The authors use a consistent training setup for both LLM and DiT components, with the LLM trained using AdamW and a cosine learning rate schedule, while the DiT uses a diffusion loss and a higher learning rate. Training is conducted for 4, 16, 64, and 256 epochs with a global batch size of 1024, and the models include Qwen2.5 1.5B and 7B LLMs paired with DiT variants ranging from 0.5B to 9.8B parameters.

The authors compare the impact of shift augmentation in the latent space during text-to-image diffusion training. Results show that applying shift augmentation significantly improves performance, increasing GenEval from 23.6 to 49.6 and DPG-Bench from 54.8 to 76.8, indicating that shift augmentation enhances both generation quality and alignment with human preferences.

The authors compare DiT variants of different scales, showing that as the model size increases, the hidden size grows significantly while the number of heads and depth remain constant.

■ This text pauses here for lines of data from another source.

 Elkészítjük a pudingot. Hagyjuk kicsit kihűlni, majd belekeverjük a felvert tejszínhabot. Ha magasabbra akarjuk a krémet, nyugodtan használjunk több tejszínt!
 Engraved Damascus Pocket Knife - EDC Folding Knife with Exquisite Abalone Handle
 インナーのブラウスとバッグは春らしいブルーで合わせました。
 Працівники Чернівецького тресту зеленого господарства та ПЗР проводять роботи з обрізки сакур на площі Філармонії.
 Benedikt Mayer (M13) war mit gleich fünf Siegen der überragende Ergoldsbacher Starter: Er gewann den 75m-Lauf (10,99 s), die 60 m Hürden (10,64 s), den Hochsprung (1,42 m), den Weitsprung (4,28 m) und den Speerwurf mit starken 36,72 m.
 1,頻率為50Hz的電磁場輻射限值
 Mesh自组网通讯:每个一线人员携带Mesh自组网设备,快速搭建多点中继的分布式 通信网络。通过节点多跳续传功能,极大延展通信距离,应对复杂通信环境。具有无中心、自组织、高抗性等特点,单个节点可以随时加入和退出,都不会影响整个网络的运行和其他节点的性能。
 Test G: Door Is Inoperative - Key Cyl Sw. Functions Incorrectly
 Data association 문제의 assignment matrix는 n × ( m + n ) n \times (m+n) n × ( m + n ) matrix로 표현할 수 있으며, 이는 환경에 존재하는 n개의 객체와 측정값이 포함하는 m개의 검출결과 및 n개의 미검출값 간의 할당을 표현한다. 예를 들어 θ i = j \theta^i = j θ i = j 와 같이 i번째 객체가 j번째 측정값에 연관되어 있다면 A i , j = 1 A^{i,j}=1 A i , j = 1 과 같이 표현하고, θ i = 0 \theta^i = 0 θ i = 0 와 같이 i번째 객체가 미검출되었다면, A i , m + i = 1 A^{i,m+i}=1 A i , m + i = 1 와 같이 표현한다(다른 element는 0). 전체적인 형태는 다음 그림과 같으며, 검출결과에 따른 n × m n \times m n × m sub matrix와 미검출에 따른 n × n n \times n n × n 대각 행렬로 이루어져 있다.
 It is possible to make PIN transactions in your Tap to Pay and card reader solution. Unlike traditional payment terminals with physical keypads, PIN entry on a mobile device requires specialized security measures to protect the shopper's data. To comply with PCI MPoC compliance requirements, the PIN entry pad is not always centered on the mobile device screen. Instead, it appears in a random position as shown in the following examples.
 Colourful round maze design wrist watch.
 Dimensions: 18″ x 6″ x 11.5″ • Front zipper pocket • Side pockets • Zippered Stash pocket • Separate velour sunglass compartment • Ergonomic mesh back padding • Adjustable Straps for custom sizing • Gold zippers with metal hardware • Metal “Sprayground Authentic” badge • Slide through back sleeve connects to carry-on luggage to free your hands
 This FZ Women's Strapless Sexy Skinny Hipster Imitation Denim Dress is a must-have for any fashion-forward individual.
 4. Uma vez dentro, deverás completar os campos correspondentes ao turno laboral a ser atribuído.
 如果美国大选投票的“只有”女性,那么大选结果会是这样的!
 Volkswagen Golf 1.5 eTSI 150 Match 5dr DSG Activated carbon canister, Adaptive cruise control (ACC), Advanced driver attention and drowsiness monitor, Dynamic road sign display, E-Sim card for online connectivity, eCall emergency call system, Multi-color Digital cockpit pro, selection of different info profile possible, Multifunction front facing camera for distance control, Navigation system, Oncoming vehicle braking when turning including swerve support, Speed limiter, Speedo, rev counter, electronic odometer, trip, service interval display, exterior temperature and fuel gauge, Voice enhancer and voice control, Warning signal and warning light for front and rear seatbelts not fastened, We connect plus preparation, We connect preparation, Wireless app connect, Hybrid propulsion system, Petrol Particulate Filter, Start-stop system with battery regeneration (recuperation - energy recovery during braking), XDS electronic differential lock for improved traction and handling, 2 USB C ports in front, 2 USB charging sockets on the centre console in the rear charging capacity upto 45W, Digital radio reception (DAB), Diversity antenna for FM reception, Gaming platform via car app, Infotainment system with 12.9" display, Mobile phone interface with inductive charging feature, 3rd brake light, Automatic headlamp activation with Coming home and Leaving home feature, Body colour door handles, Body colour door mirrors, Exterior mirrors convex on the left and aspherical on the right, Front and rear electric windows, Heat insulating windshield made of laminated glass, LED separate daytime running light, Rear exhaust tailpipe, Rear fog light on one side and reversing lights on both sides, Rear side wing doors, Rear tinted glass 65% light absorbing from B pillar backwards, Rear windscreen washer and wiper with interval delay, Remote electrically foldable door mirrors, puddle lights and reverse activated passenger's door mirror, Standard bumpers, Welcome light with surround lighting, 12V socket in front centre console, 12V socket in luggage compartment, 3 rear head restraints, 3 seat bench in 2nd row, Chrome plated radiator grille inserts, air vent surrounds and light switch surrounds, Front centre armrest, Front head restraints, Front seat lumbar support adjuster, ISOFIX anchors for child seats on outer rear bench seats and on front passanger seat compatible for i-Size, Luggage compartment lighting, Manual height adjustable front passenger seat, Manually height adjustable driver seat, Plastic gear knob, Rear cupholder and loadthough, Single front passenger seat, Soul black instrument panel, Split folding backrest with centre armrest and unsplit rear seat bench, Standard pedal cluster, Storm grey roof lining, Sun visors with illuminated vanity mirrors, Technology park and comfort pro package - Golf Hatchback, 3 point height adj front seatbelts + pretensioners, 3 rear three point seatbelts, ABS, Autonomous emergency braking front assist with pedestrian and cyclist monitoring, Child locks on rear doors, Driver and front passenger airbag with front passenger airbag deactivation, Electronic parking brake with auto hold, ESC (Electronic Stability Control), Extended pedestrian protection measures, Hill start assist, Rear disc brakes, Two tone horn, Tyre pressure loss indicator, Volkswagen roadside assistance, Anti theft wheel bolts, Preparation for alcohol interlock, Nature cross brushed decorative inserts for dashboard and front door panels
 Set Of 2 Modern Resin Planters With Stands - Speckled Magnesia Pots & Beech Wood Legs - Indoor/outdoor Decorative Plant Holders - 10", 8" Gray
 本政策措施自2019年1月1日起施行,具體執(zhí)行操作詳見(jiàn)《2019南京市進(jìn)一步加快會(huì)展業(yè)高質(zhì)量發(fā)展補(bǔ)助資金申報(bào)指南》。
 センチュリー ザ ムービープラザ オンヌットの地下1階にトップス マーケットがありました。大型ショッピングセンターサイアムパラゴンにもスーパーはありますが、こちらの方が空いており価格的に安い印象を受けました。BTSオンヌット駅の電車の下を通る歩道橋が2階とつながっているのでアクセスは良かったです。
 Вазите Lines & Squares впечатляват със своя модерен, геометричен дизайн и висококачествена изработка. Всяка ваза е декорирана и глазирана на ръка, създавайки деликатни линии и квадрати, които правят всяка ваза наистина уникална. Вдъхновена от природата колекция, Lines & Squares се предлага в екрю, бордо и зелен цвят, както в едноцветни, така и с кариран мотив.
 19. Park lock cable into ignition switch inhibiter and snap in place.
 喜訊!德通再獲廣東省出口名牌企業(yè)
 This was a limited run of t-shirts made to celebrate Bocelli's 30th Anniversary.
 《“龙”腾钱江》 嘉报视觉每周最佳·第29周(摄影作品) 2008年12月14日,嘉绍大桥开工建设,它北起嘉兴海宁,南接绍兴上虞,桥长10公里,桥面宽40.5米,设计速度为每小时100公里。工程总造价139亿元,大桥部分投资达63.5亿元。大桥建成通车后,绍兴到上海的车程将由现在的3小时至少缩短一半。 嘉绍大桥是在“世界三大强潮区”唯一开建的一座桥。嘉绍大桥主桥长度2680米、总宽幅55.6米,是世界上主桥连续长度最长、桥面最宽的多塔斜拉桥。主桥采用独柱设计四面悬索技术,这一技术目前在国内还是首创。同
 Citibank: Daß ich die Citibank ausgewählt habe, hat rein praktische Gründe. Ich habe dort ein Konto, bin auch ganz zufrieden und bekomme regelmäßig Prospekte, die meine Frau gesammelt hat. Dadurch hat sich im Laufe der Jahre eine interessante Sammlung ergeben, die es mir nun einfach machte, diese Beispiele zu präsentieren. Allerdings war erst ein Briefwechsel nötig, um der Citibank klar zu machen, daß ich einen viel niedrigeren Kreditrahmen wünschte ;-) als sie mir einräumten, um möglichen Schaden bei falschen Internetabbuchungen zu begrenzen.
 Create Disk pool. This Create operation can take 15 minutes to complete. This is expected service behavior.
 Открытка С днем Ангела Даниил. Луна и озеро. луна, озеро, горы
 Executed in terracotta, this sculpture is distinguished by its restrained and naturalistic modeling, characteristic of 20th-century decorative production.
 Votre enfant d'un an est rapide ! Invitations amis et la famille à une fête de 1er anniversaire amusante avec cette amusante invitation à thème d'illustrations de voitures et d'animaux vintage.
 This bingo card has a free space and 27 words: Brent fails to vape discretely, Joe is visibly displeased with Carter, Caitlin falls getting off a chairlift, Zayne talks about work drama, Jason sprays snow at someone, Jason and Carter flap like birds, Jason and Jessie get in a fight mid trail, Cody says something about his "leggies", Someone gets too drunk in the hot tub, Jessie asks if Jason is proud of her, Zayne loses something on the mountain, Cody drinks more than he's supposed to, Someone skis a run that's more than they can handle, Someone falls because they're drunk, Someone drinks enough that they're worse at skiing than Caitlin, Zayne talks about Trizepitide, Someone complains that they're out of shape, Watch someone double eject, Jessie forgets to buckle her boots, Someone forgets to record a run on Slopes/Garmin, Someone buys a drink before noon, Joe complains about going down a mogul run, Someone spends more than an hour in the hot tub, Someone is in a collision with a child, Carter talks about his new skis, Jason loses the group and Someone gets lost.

This indicates that scaling DiT models primarily involves increasing the hidden dimension rather than altering the architecture's depth or attention heads.

Results show that combining synthetic and web data yields the highest performance, with a GenEval score of 49.5 and a DPG-Bench score of 76.9, outperforming either data type alone or doubled synthetic data. This indicates synergistic benefits from complementary data sources rather than increased volume.

The authors compare the performance of RAE-based and VAE-based models on several evaluation metrics, showing that the RAE-based model outperforms the VAE-based model across all tasks, with the exception of TVQA where the VAE-based model achieves a slightly higher score. The RAE-based model also demonstrates greater stability during finetuning, maintaining performance over longer training periods while the VAE-based model overfits rapidly.